Virtual Machine Monitors and Intel VT: Foundations of Modern Virtualization

Papers: “Virtual Machine Monitors: Current Technology and Future Trends” by Mendel Rosenblum and Tal Garfinkel (IEEE Computer, 2005) and “Intel Virtualization Technology: Hardware Support for Efficient Processor Virtualization” by G. Neiger et al. (Intel Technology Journal, 2006)

TL;DR

These two papers provide a comprehensive look at virtualization from both the software and hardware sides. Rosenblum and Garfinkel (VMware’s co-founder among them) lay out the design goals and implementation challenges of Virtual Machine Monitors, while the Intel VT paper details how hardware extensions – including new CPU operation modes and control structures – eliminate the need for complex software workarounds like binary translation and paravirtualization.

Summary

The first paper, jointly written by VMware’s co-founder, discusses virtualization and specifically the Virtual Machine Monitor (VMM). The central design goals for a VMM are compatibility, performance, and simplicity. The paper presents VMM implementation challenges across CPU virtualization, memory virtualization, and I/O virtualization, describing the obstacles each area poses and how they can be addressed. It also explores the positive implications of VMMs in server design, security, and software distribution.

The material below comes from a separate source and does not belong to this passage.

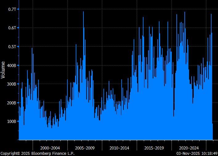 Bitcoin has pretty convincingly lost the 50-week moving average. Current price of $98,000 is about 5% below the 50-week MA at $103,000.
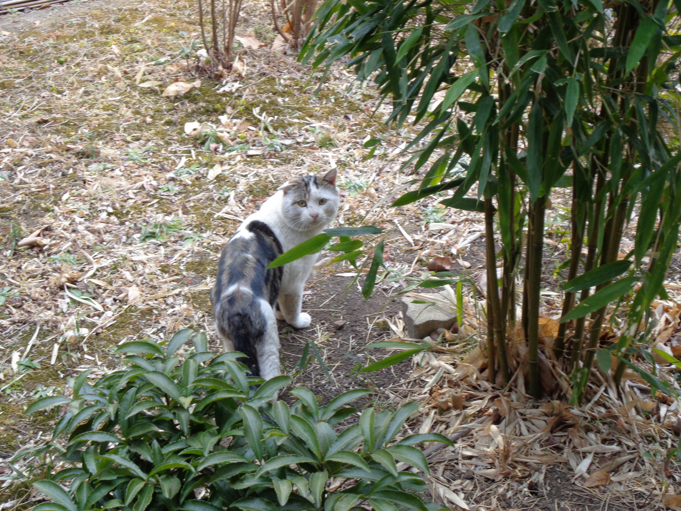 ある日、久しぶりに庭に猫のお客さんが来ていました。

The central design goal of Intel VT is to eliminate the need for CPU paravirtualization and binary translation techniques, to simplify the implementation of robust VMMs that can support a broad range of unmodified guest operating systems, and to maintain high levels of performance. The paper provides details on the virtualization challenges posed by IA-32 and Itanium processors and explains how VT-x and VT-i architectures address them. These challenges include ring aliasing, address-space compression, non-faulting access to privileged state, interrupt virtualization, ring compression, access to hidden state, and frequent access to privileged resources. To tackle these challenges, Intel introduced new CPU operation modes (VMX root operation and VMX non-root operation) along with the VMCS (Virtual Machine Control Structure), which includes guest-state and host-state areas to facilitate virtualization.

Strengths

  • Virtualization makes it possible to capture old hardware architectures as virtual machine images and run them on current hardware. This is a compelling and practical use case for virtualization technology.
  • The first paper has an effective writing style: it introduces each area of VMM implementation, explains the challenges it presents, and then walks through the solutions.
  • In the Intel VT paper, the design where both VMX root operation and VMX non-root operation support all four privilege levels is clever. It allows guest software to run at its intended privilege level, so the guest OS does not need to be artificially restricted from using ring 0.

Weaknesses

  • For ring deprivileging in the Intel VT paper, the authors do not explain why certain privilege levels cannot be used directly. They simply divide the approach into the 0/1/3 and 0/3/3 models without sufficient justification.
  • The Intel VT paper would benefit from an appendix listing all assembly instructions affected or supported by VT-x and VT-i. For example, the appendix could document instructions like LGDT, thash, and INVLPG, explaining the role each plays in the architecture.
  • The Intel VT paper lacks any evaluation or benchmarks demonstrating that hardware-assisted virtualization outperforms paravirtualization or binary translation. Some empirical evidence would have strengthened the argument considerably.

Discussion Questions

  • What are the latency implications of maintaining shadow copies of page tables in software compared to using hardware-managed page tables?
  • In VMware’s hosted architecture, where the VMM is installed as an application on the host OS, could there be issues with memory usage or CPU scheduling starvation? If another application crashes the kernel, the VMM fails as well. Is it possible to achieve meaningful isolation in this model?
  • Neither paper discusses power utilization. How do power consumption patterns change as more guest operating systems are installed on a single machine?
  • What is the maximum number of guest operating systems a VMM can support? Is there a hard limit (e.g., 16), or does it depend entirely on the resource utilization of each guest?
  • Do the specialized device drivers for I/O performance optimization provide an abstraction layer over underlying drivers, or do they access the hardware directly?
  • It would be interesting to examine whether hardware-assisted virtualization has become widely adopted in practice, and if so, how much performance improvement it provides over earlier approaches. This is especially relevant given that VMware, VirtualBox, and similar technologies remain prevalent today.

This review was written as part of CMU’s 18-845: Internet Services course.